MEASURING ASPIRATIONS, BELONGING, AND PRODUCTIVITY IN SECONDARY STUDENTS: VALIDATION OF THE STUDENT SCHOOL ENGAGEMENT MEASURE

Authors


  • This research was partially funded by a grant from the University of Denver. The data presented are based on the analysis in the doctoral dissertation of Dr. Vazirabadi. Thanks to Jennifer Albanes, Kelli Pfaff, Susan McDonald, Christina Jack, and Rachel Wonner for their assistance in this work.

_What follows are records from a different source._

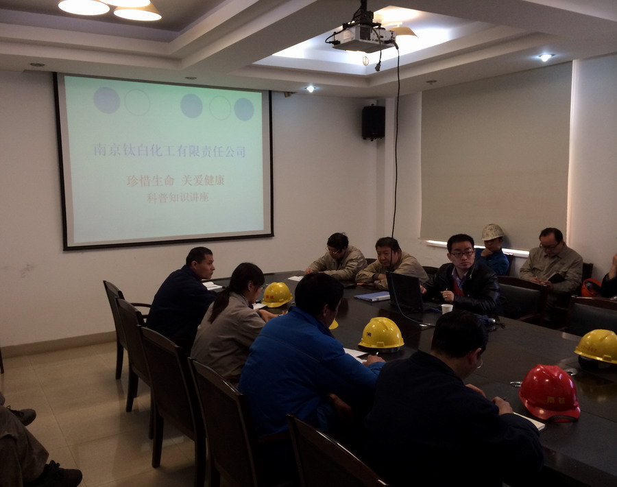 为贯彻“安全第一,预防为主”方针,提高员工在突发事件中的自救、互救意识和能力,钛白公司于近期举办了“珍惜生命,关爱健康”科普知识讲座,公司各部门、车间安全员及员工代表到会聆听了讲座。
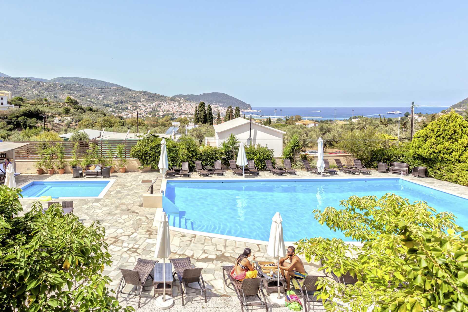 Juniorsvit Premium med balkong eller terrass och poolutsikt. Juniorsviten består av två rum. Ett sovrum med en dubbelsäng och ett vardagsrum med bäddsoffor eller två enkelsängar. Wifi, luftkonditionering och deponering ingår. Kylskåp. En tv med lokala kanaler i varje rum. Hårtork. Badrum med badkar och wc. Städning 7 ggr/vecka.
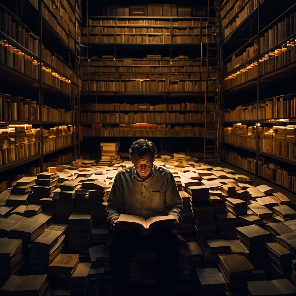 There is no sunlight here. Only the dim blue glow of memory. The air smells of dust, ink, and something... unspoken. The silence is not empty; it is listening.
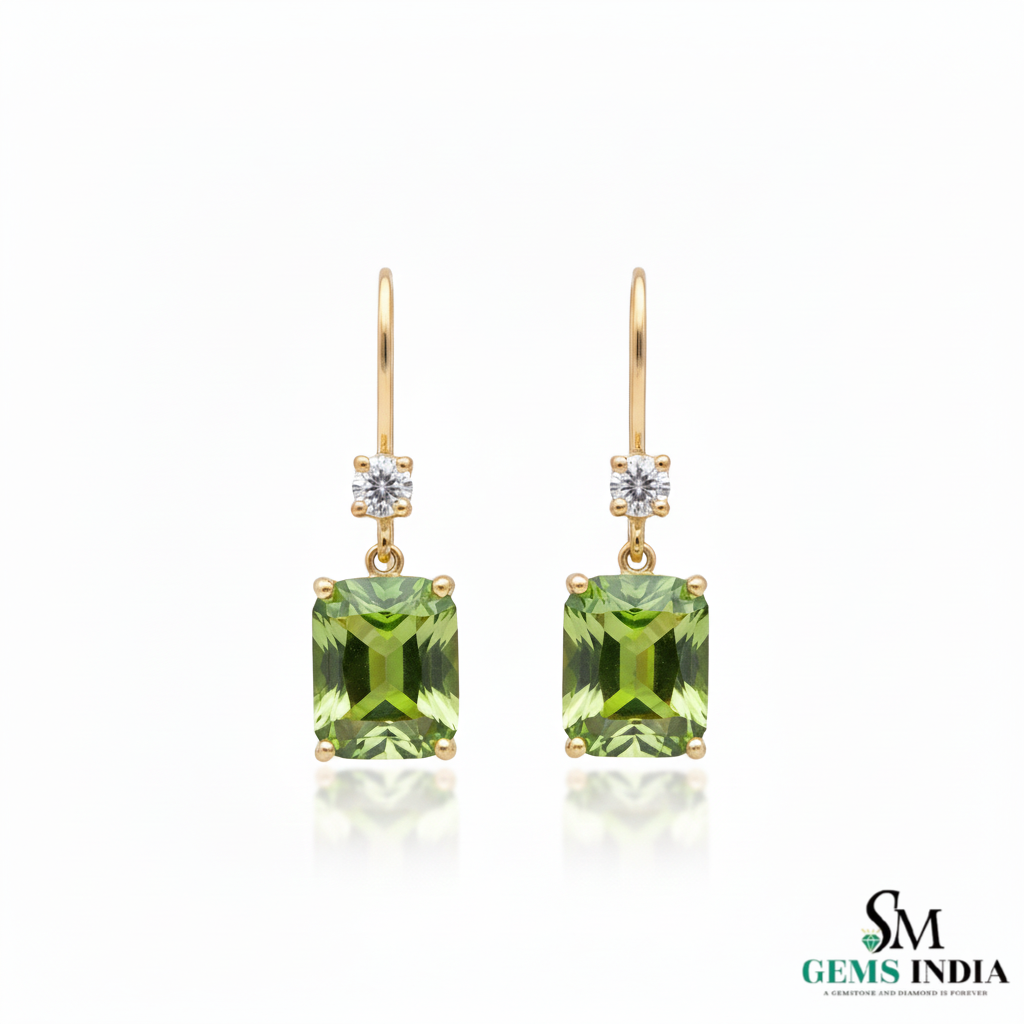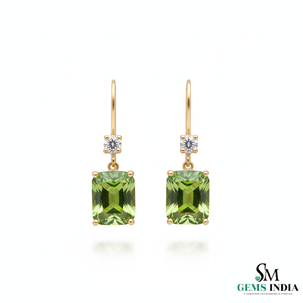Emerald Cut Natural Peridot Diamond Dangle Earrings - Fine Jewelry Earrings
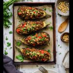 This Roasted Eggplant and Lamb recipe features tender roasted eggplant halves generously filled with a spiced ground lamb mixture, simmered with aromatic spices and tomatoes, then baked to perfection. Garnished with toasted pine nuts and fresh parsley, it’s a delicious and hearty Middle Eastern-inspired dish perfect for a comforting meal.

Correspondence to: Cynthia E. Hazel, Child, Family, and School Psychology, Morgridge College of Education, University of Denver, 1999 East Evans Street, Denver CO 80208. E-mail: chazel@du.edu

Abstract

This article proposes a model of student school engagement, comprising aspirations, belonging, and productivity. From this model, items for the Student School Engagement Measure (SSEM) were developed. The SSEM was validated with data from 396 eighth graders in an urban school district. Utilizing structural equation modeling, the second-order empirical model of the SSEM was found to fit the data well, to have good reliability for the three factors, and to be predictive of district-identified risk factors and state standardized academic assessment results. These results suggest that the Student School Engagement Model and the SSEM may be useful tools for understanding which students might be at increased risk for school dropout and how to intervene to support school completion. Recommendations for practitioners and future research are given.